A Missouri university ‘could be on the verge of a breakthrough’ in COVID-19: report

A Missouri university “could be on the verge of a breakthrough’ in COVID-19,” reports the St. Louis Business Journal.

Washington University in St. Louis has received clearance from the FDA to test a century-old idea in the battle against the virus SARS-coronavirus-2, which causes the disease COVID-19.

The idea is simple: Those who successfully combat the virus develop antibodies built to suppress it.

Because this coronavirus is novel—that is, human bodies have never seen it before, as it was until recently found only in bats—we have no built-up immunities to it. However, those who contract the virus and beat it have immunity going forward.

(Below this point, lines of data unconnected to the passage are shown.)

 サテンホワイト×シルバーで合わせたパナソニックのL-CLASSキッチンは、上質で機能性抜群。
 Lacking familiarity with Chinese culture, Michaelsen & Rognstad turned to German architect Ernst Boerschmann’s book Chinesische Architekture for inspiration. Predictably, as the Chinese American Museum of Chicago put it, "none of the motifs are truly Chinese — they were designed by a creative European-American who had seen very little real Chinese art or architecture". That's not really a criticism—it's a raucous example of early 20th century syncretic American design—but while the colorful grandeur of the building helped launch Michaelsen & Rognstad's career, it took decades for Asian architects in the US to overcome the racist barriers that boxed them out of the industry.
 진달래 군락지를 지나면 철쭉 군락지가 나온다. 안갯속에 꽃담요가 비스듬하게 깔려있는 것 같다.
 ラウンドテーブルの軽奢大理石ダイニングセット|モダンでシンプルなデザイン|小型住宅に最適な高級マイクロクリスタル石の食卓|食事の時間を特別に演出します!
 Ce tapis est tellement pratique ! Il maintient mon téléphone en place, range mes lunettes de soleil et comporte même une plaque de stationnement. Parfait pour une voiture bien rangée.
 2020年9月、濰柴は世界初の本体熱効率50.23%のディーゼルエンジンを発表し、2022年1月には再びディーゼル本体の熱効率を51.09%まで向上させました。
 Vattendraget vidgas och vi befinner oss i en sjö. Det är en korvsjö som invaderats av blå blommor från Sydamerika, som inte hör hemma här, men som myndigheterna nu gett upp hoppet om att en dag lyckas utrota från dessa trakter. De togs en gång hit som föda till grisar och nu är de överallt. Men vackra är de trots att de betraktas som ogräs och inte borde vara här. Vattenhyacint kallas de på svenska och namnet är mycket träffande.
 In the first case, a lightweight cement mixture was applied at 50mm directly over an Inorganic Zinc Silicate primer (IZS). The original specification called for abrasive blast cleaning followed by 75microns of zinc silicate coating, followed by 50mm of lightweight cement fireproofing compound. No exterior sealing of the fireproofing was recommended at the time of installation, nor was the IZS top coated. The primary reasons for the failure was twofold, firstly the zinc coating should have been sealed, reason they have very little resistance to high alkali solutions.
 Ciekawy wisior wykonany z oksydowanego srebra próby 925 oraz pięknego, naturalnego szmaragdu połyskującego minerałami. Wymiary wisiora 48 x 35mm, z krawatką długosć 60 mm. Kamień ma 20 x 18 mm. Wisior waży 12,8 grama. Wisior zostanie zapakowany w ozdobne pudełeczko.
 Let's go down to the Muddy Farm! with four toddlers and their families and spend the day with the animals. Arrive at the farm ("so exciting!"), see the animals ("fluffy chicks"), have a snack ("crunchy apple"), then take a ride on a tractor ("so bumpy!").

Researchers at Wash U are working to taking blood from survivors and using the antibodies in their blood to treat critically ill patients. The treatment is referred to as the use of “convalescent plasma.”

“This is a stone-age approach for the modern age,” Dr. Jeffery Henderson, a researcher with the Washington University School of Medicine, told the Business Journal. “The immune system of somebody who’s already seen the disease can be used to give an assist to somebody who hasn’t yet seen the disease.”

While this is not a “cure” for the disease, it can help the critically ill battle it, which is what the research team received FDA clearance to try.

Without making an explicit connection to this new treatment, blood donation centers around the country have put out an urgent call for plasma donations.